Molmo 2 is a suite of state-of-the-art vision-language models designed for advanced video and image analysis. It extends Molmo's strengths in grounded vision to video and multi-image understanding, providing capabilities for video pointing, tracking, and dense captioning. The models can analyze single images, multi-image inputs, and video clips of varying length, moving beyond simple descriptive answers to pinpointing events in space and time.
Molmo 2 offers three variants serving different needs: Molmo 2 (8B) is Qwen 3-based and provides the best overall performance for video grounding and QA; Molmo 2 (4B) is also Qwen 3-based and optimized for efficiency; Molmo 2-O (7B) is built on Olmo and offers a fully open end-to-end model flow including the underlying LLM. These models support video tracking, image and multi-image reasoning, video grounding (pointing + counting), long-video QA, and human preference evaluations.
The architecture consists of a vision encoder that processes images or video frames into visual tokens and a language model backbone (Qwen 3 or Olmo) that consumes those tokens alongside text. A lightweight connector interleaves visual tokens with timestamps, image indices, and text so the model can reason jointly over space, time, and language. The models are trained in two stages focusing on pretraining for alignment and grounding through joint image captioning and image pointing, followed by supervised fine-tuning on a multimodal mixture.
Molmo 2 enables counting-by-pointing, multi-object tracking with persistent IDs that follow objects across occlusions and re-entries, dense video captioning with highly descriptive narratives, anomaly detection that flags rare events, artifact detection that points to flaws in generative video, and subtitle-aware QA that combines visual evidence with in-video subtitles. At inference time, Molmo 2 scales gracefully by processing more frames directly for maximum fidelity or adopting a SlowFast-style strategy.
The product is designed for research and educational use and supports applications including robotics and assistive technology, traffic monitoring and safety, scientific measurement, and various video analysis tasks. It enables users to ask questions like "How many times does the robot grasp the red block?" and receive points and timestamps for each grasp event, or "When did the cup fall?" and get the timestamp and location of the fall.

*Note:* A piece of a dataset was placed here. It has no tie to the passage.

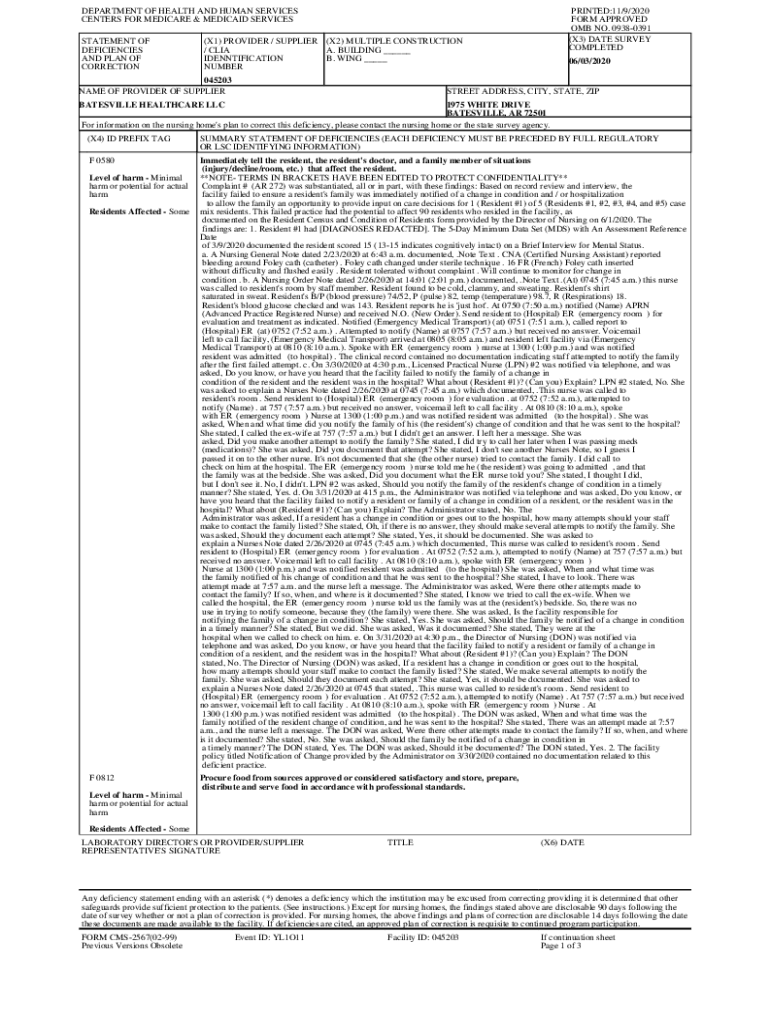Get the free Nursing Home Survey Report Details for BATESVILLE HEALTHCARE LLC on 06/03/2020. Surv...
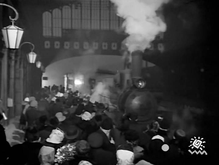 Как мы видим, съемки велись на Варшавском вокзале, хотя Попов возвращался из Котки на Финляндский вокзал.

Molmo 2 targets researchers, practitioners, and educators working with multimodal intelligence applications. It's available through the Ai2 Playground for video and multi-image workflows, with models downloadable from Hugging Face and training code released under an open-source license. The system is designed to be easily useful for a wide audience from practitioners to researchers.
admin
Molmo 2 is designed for researchers, practitioners, and educators working with multimodal intelligence applications. It targets users in robotics and assistive technology, traffic monitoring and safety, scientific measurement, and various video analysis domains. The product is particularly useful for researchers who want full control over every part of the stack—vision encoder, connector, and language model. It's intended for research and educational use in accordance with Ai2's Responsible Use Guidelines and is designed to be easily useful for a wide audience from practitioners to researchers.